§ **EXERCISE PROMPT**
Only the lines below from the one containing "Mitosis and BIO201" through the one containing "ケヤキよりも小ぶりなニレケヤ" belong in the answer, repeated exactly and without pictures.

§ **DATASET EXCERPTS**
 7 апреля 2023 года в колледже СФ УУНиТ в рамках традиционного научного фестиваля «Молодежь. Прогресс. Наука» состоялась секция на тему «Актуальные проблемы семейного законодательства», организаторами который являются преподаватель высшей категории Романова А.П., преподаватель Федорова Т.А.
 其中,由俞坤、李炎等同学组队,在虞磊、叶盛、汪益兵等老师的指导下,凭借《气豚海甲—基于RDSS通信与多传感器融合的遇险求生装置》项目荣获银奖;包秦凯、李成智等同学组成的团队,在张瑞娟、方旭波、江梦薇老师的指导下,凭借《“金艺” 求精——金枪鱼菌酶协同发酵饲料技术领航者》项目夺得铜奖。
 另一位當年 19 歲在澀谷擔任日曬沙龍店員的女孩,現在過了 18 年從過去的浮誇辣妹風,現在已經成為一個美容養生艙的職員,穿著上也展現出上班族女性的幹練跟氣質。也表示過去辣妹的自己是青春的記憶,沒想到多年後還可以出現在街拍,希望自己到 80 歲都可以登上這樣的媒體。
...
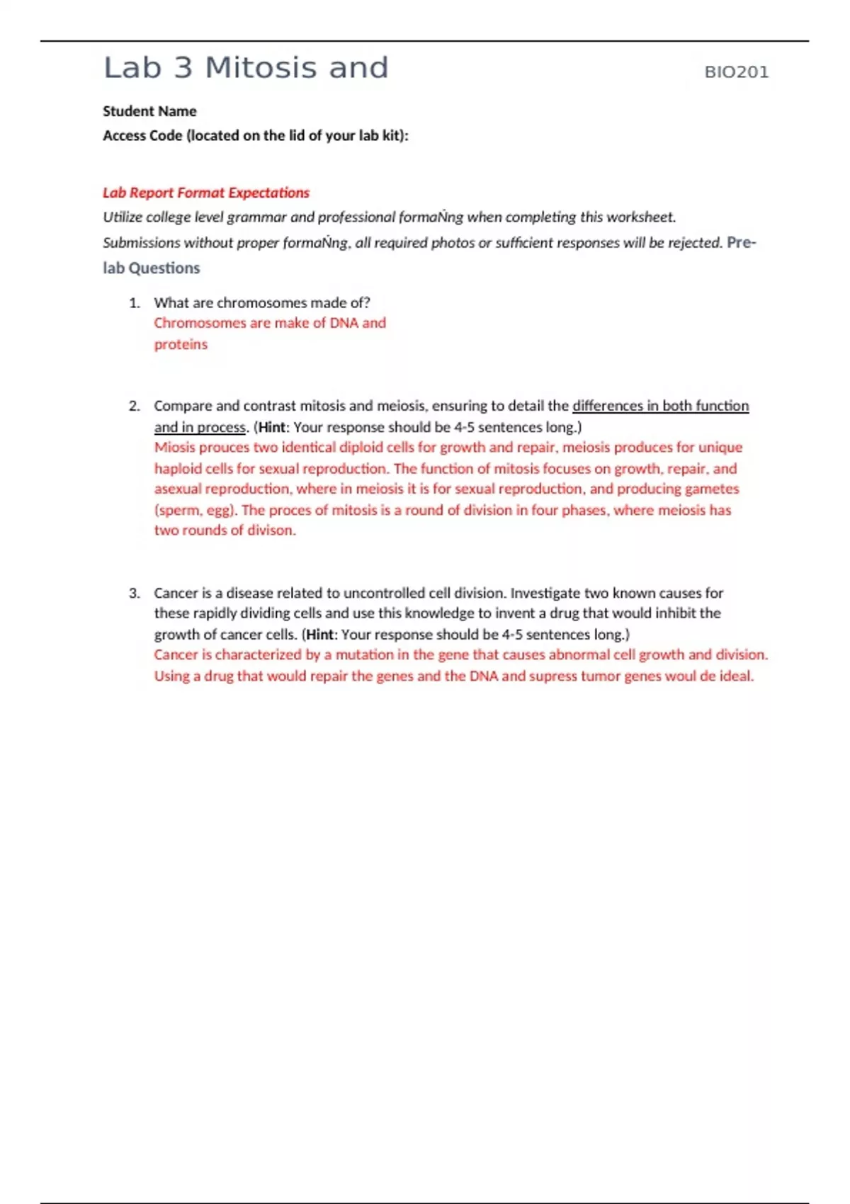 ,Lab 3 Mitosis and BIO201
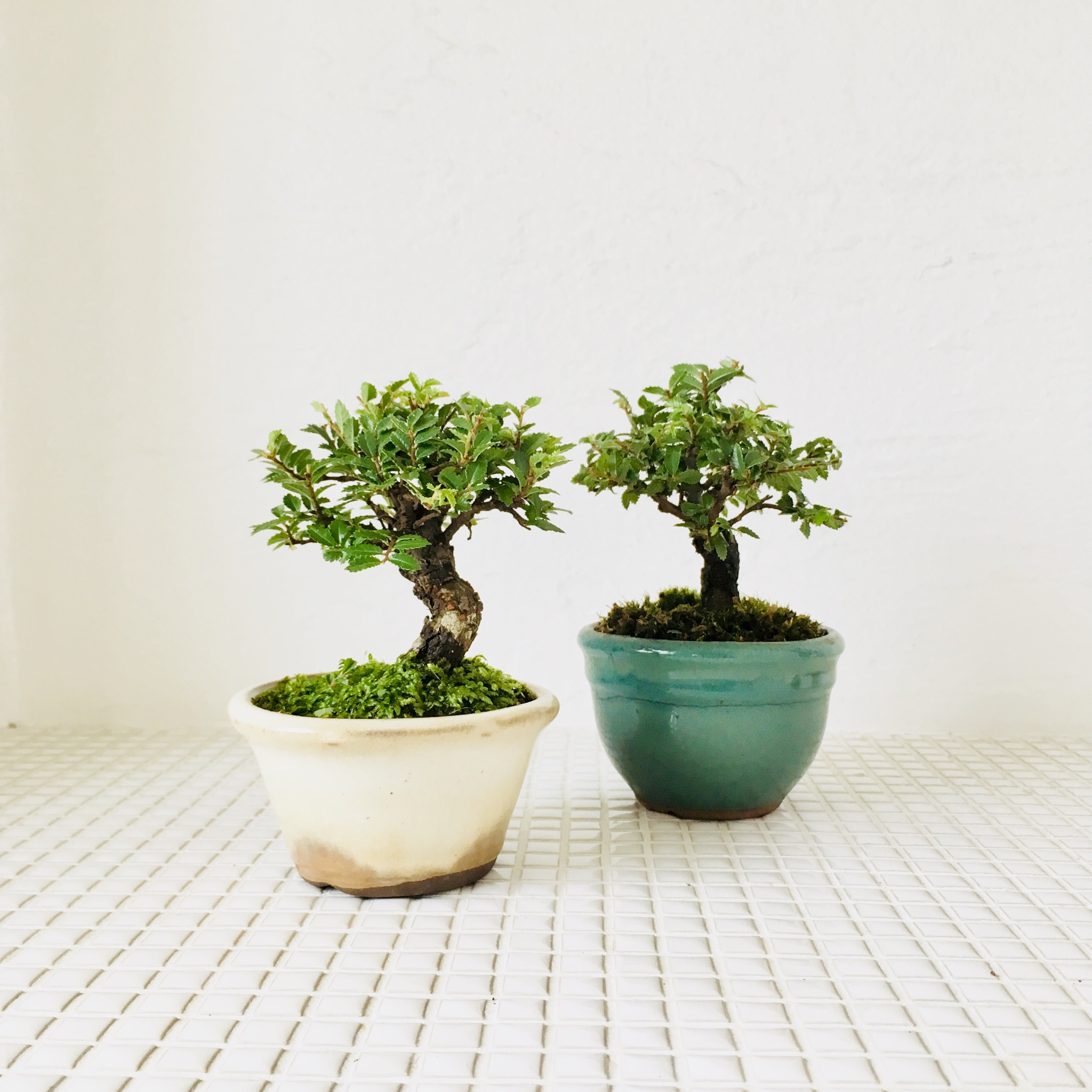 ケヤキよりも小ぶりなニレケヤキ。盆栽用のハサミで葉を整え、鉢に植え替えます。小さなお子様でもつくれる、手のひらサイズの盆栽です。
* * *
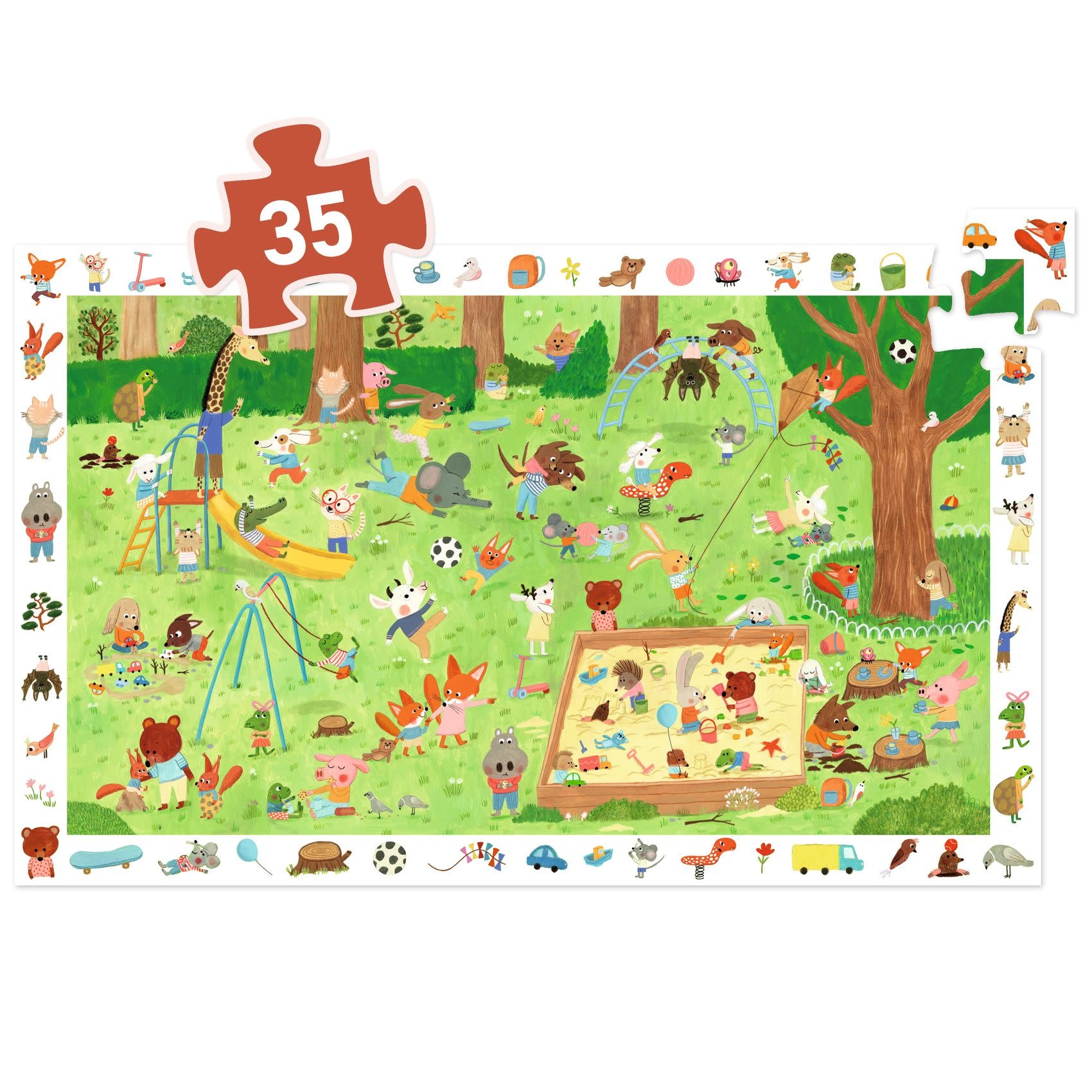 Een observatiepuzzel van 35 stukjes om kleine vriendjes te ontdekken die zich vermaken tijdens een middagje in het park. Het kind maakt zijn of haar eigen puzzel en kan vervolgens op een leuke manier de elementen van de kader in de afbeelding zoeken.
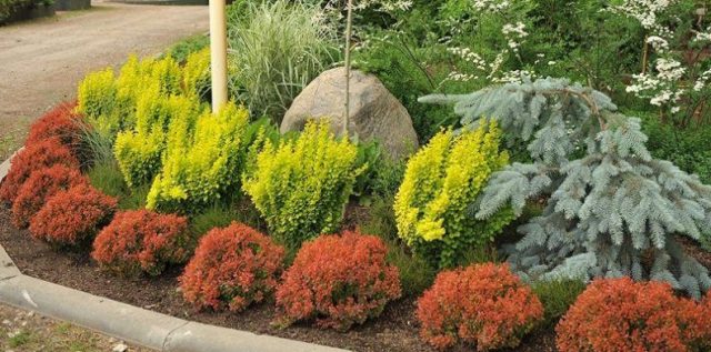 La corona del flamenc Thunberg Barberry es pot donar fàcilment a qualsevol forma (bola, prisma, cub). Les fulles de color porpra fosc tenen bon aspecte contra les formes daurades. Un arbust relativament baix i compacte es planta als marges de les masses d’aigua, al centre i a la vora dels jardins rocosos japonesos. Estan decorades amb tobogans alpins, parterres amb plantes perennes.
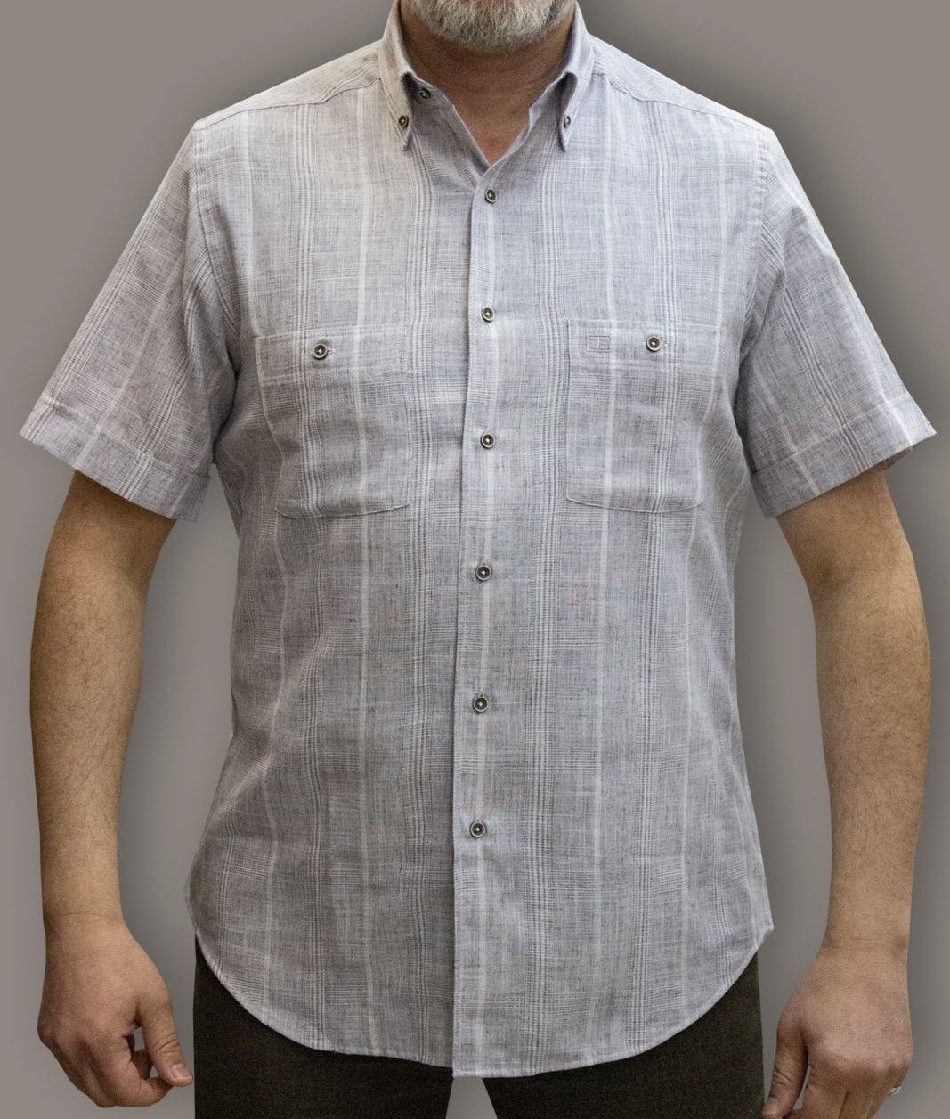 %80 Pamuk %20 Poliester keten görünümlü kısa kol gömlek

§ **ANSWER SECTION**
 ,Lab 3 Mitosis and BIO201
 ケヤキよりも小ぶりなニレケヤキ。盆栽用のハサミで葉を整え、鉢に植え替えます。小さなお子様でもつくれる、手のひらサイズの盆栽です。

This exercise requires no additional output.